Imbauan tersebut disampaikan Wakil Menteri Haji dan Umrah RI, Dahnil Anzar Simanjuntak, sebagai langkah antisipatif demi memastikan keamanan dan kenyamanan jamaah.
“Kami menghimbau kepada seluruh jamaah umrah yang akan berangkat dalam waktu dekat untuk menunda keberangkatan sementara sampai kondusivitas benar-benar terjaga di Timur Tengah,” ujarnya.
Kemenhaj menyatakan terus berkoordinasi dengan Kementerian Luar Negeri RI untuk memantau perkembangan situasi, baik terhadap jamaah yang sedang berada di Tanah Suci maupun yang akan berangkat.
Bagi jamaah yang saat ini tengah menunaikan ibadah di Makkah dan Madinah, Kemenhaj meminta agar terus berkoordinasi dengan Kantor Urusan Haji, Konsulat Jenderal RI di Jeddah, serta perwakilan resmi pemerintah Indonesia di Arab Saudi.
Pemerintah juga memastikan perlindungan terhadap jamaah tetap menjadi prioritas. Maskapai penerbangan disebut telah berkomitmen menyediakan akomodasi sementara apabila terjadi penundaan penerbangan, serta perpanjangan visa akan difasilitasi oleh Pemerintah Arab Saudi jika masa berlaku telah habis.
Selain itu, Kemenhaj meminta keluarga jamaah di Tanah Air tetap tenang karena pemerintah terus melakukan pemantauan intensif terhadap kondisi di lapangan.

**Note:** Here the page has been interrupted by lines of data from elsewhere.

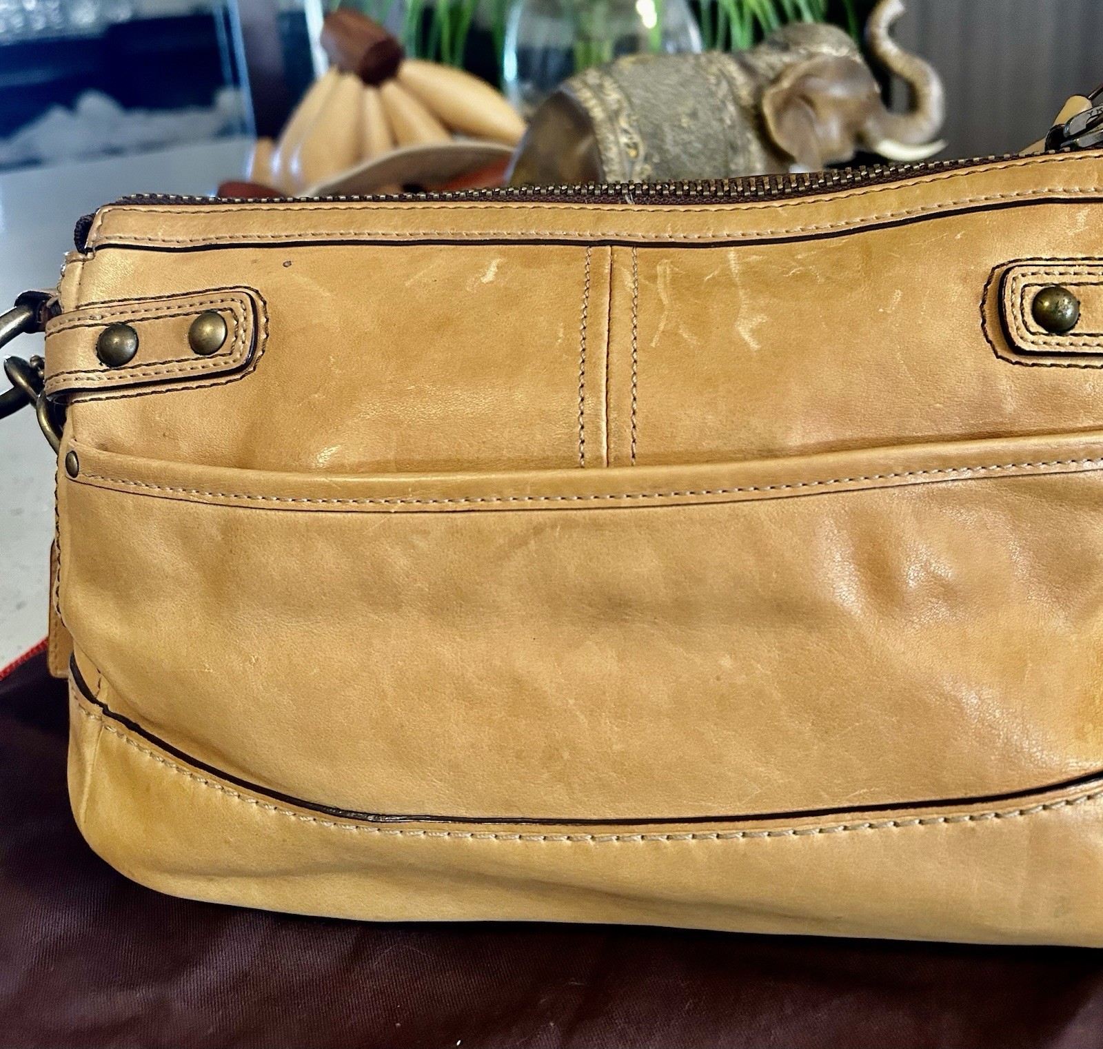 The Coach Legacy 11127 Camel Vachetta Leather Shoulder Bag is a vintage piece commemorating the brand's 65th anniversary. This medium-sized rectangular bag features a turn lock closure, gold hardware accents, and a light brown distressed leather exterior. The adjustable shoulder strap adds comfort and versatility to the classic shoulder bag style. Perfect for a business occasion or everyday use, this limited edition Coach bag is adorned with a buckle accent and a bag charm, making it a stylish and practical accessory for any woman's wardrobe. Please Zoom in all the pictures and inspect them thoroughly.. This particular purse has no holes , scuff , no odors ,, The purse is a Vintage ( Not New) .. The purse is for sale As is .. Thanks for stopping by … !!!
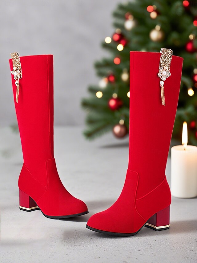 $54.99 - Women's Red Knee-High Boots with Chunky Block Heel and Pearl Tassel Embellishment, Elegant Christmas Party & Holiday Fashion Boots for Winter Outfits 2025. Shop for cheap Women's Christmas Shoes online? Buy at lightinthebox.com on sale today!
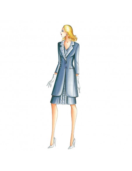 This riding coat has a sporty collar which is one with the placket, welt pockets and darts marked with studs or beads. To be worn with dress n. 2141.
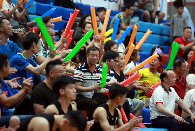圖3:深圳業(yè)余籃球氛圍濃厚,現(xiàn)場(chǎng)觀眾為球隊(duì)加油。
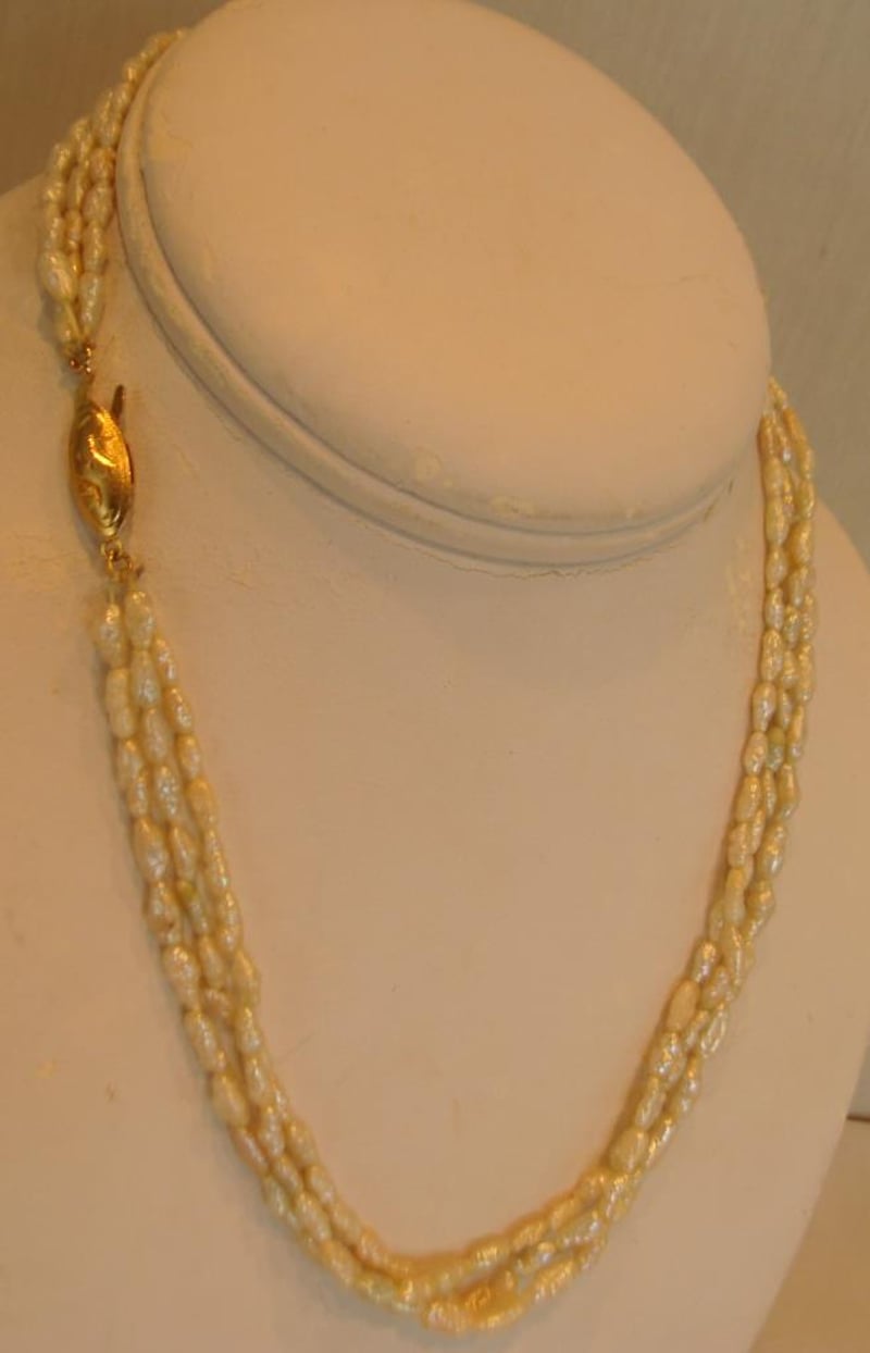 NATURAL PEARL NECKLACE WITH GOLD PLATED SILVER CLASP HALLMARKED SILVER.Condition: Good - Refer To Images586157+7
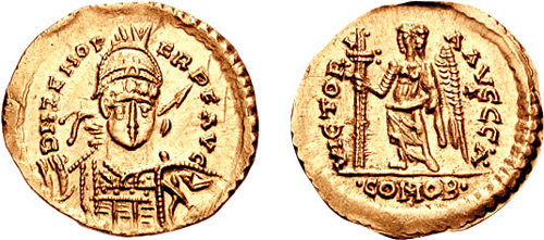 참고 | 오도아케르는 몇몇 주화에서 "플라비우스"라고 불린다. 이 이름은 5세기에 들어 칭호가 되었다. |
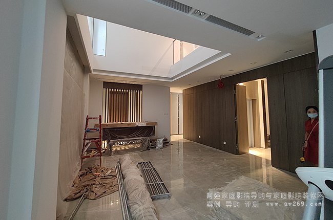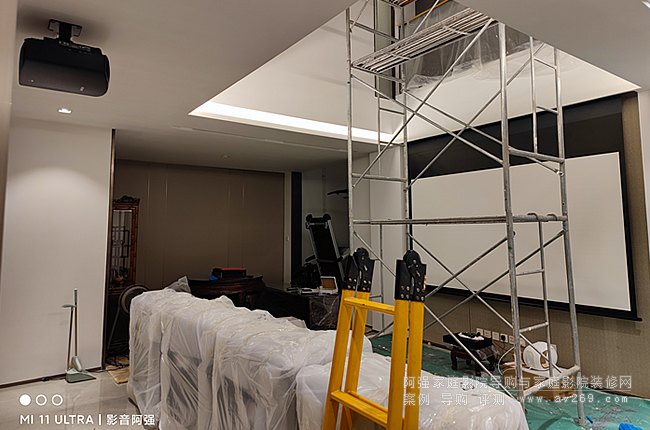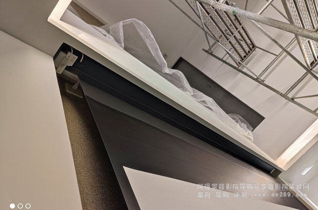 上圖我們就可以看到整個投影幕嚴絲合縫,整個投影幕槽呈凹凸形狀,即凹于墻體也凸于邊棚,最外沿只有薄薄的一個立面,完工后的整體并不突兀,但前期溝通成本和施工量均增加了不少。
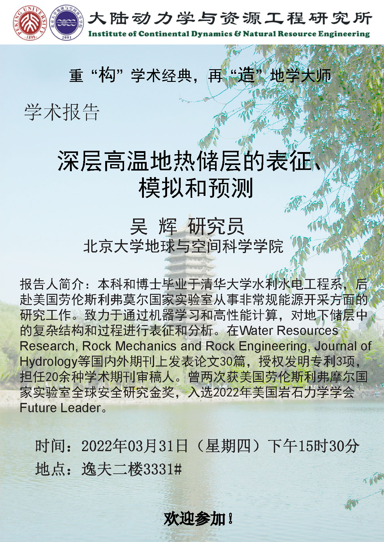 个人简介:吴辉,腐漫画 研究员、助理教授。本科和博士毕业于清华大学水利水电工程系,后赴美国劳伦斯利弗莫尔国家实验室从事非常规能源开采方面的研究工作。致力于通过机器学习和高性能计算,对地下储层中的复杂结构和过程进行表征和分析。在Water Resources Research, RockMechanics and Rock Engineering, Journal of Hydrology等国内外期刊上发表论文30篇,授权发明专利3项,担任20余种学术期刊审稿人。曾两次获美国劳伦斯利弗摩尔国家实验室全球安全研究金奖,入选2022年美国岩石力学学会Future Leader。
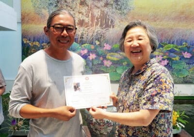 “ขอบคุณ JS Arts Gallery ที่คิดโครงการนี้ขึ้นมา และจะเป็นประโยชน์ต่อไป คนที่มาฝึกก็มีหลากหลายอาชีพ มีพยาบาลที่ สามารถที่จะนําเอาไปใช้กับผู้ป่วย คนไข้ในโรงพยาบาล เพราะวิธีการจัดแบบโคริงกะ ทำให้เราหาความสุขได้ง่าย จากดอกไม้ จากใบไม้รอบตัว ถือว่าเป็นโครงการที่ดีมาก”
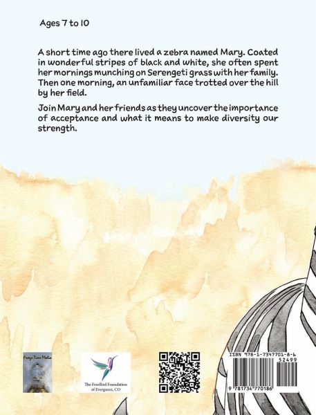 A short time ago there lived a zebra named Mary. Coated in wonderful stripes of black and white, she often spent her mornings munching on Serengeti grass with her family. Then one morning, an unfamiliar face trotted over the hill by her field. Join Mary and her friends as they uncover the importance of acceptance and what it means to make diversity our strength.
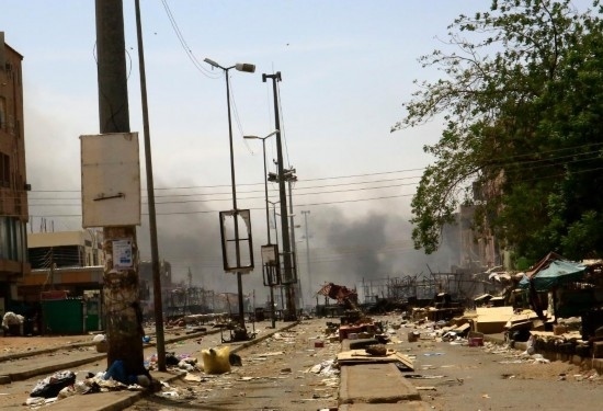 4月15日,蘇丹首都喀土穆響起激烈槍聲,間或可聽見炮聲。新華社發(fā)(穆罕默德·海德爾攝)
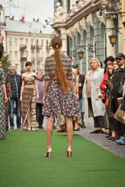 Moda haftası boyunca IFERMA 'da Latin Amerika tasarımı giyen bir model podyumda yürüyor. 9 Mayıs 2025 İspanya
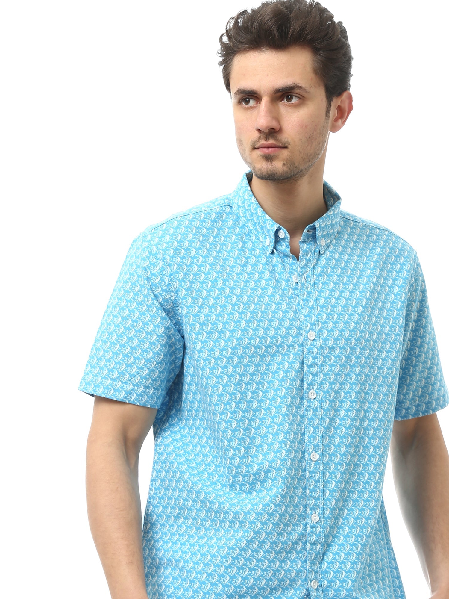 Chemise pour homme avec boutons, fabriquée dans un tissu léger et confortable, avec un design moderne aux couleurs aquarelles douces. Elle présente des manches courtes et un col élégant, ce qui en fait le choix idéal pour les journées chaudes d'été ou les looks décontractés. Ce t-shirt reflète un style à la fois confortable et élégant grâce à son design contemporain, convenant à différents goûts.
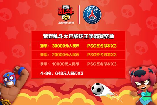 杀进线下决赛的八支战队将获得丰厚的奖金,冠亚季军还能带走无数球迷的终极信仰——大巴黎签名球衣。除此之外,作为荒野乱斗的忠实粉丝和此次球王争霸赛的合作伙伴,大巴黎俱乐部的球星们还会给参赛队伍和中国球迷们带来更多惊喜吗?让我们一起期待吧!
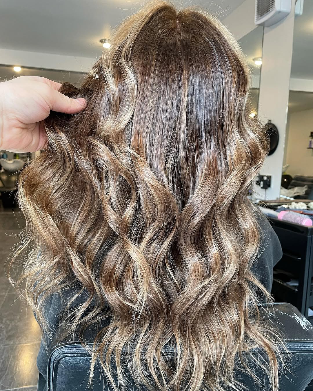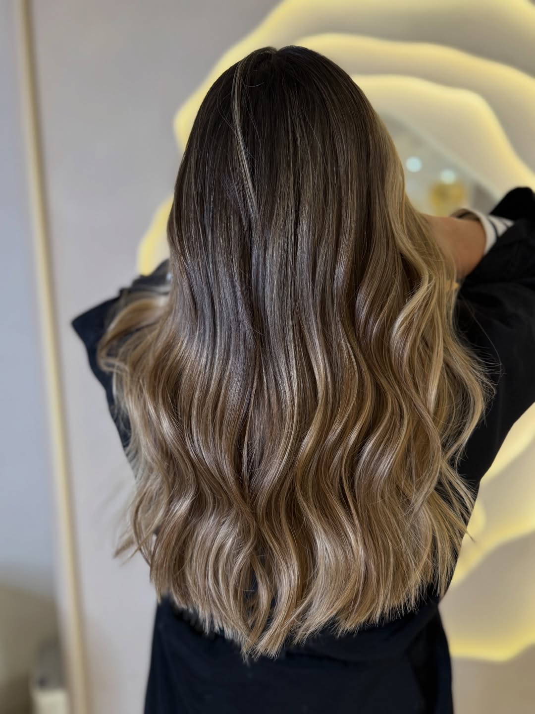 This look is a love letter to rich Brunette tones elevated by soft, ribbon-like Highlights. The finish is glossy, almost mirror-like, with waves that enhance the depth and movement of the hair.
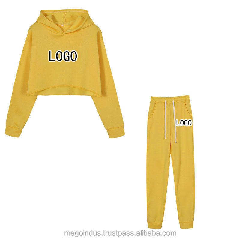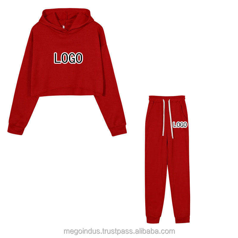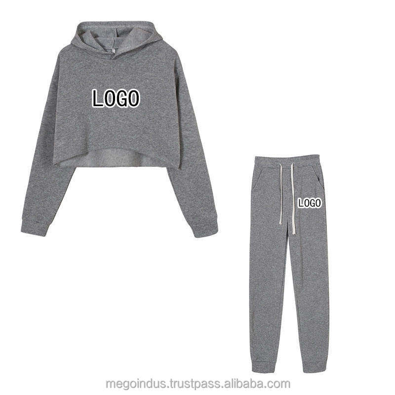 Custom Logo Ladies Tracksuits Crop Hoodie Sets
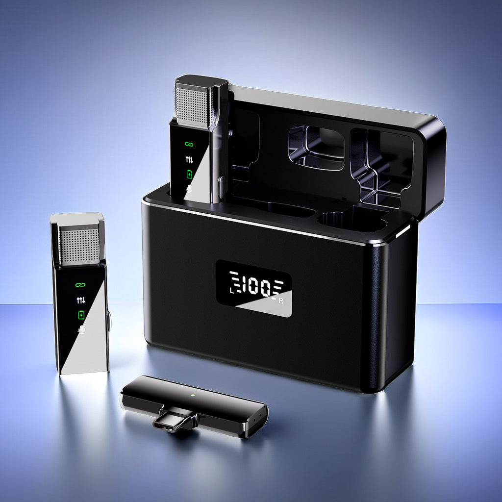 Dual Wireless Mics: Record crystal-clear sound from two speakers simultaneously—ideal for interviews, podcasts, or group content.
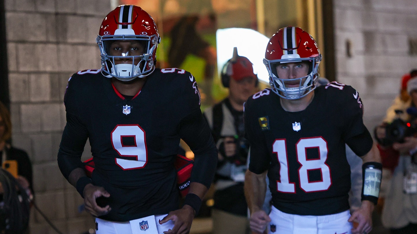 The quarter of the Falcons of Atlanta Michael Penix Jr. (9) and the quarter Kirk Cousins (18) before a match against the Giants of New York at Mercedes-Benz Stadium. (Brett Davis / Imagn images)
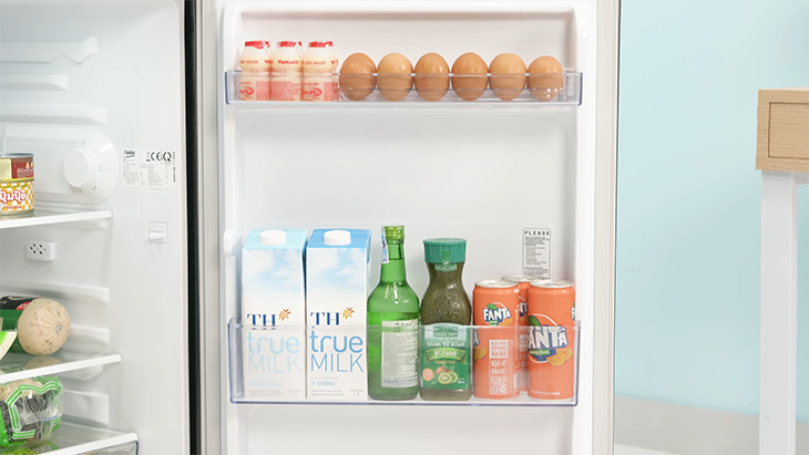 Cửa tủ ngăn mát cũng có ba ngăn đựng đồ. Ngăn trên cùng có khay để trứng tháo lắp được, để được tới 12 quả trứng. Ngăn tiếp theo cách ngăn đầu khá xa, đủ để bạn cất đồ uống dạng chai cao như chai sữa, chai rượu vang…

Sementara itu, terkait penyelenggaraan ibadah haji tahun 2026 atau 1447 Hijriah, Kemenhaj menegaskan hingga saat ini belum terdapat dampak signifikan terhadap proses perencanaan dan persiapan.
“Persiapan penyelenggaraan haji 2026 berjalan sebagaimana mestinya sesuai rencana dan belum ada dampak signifikan,” kata Dahnil.
Kemenhaj berharap konflik di Timur Tengah dapat segera mereda sehingga seluruh rangkaian ibadah umrah dan haji berjalan lancar dan jamaah dapat beribadah dengan khusyuk.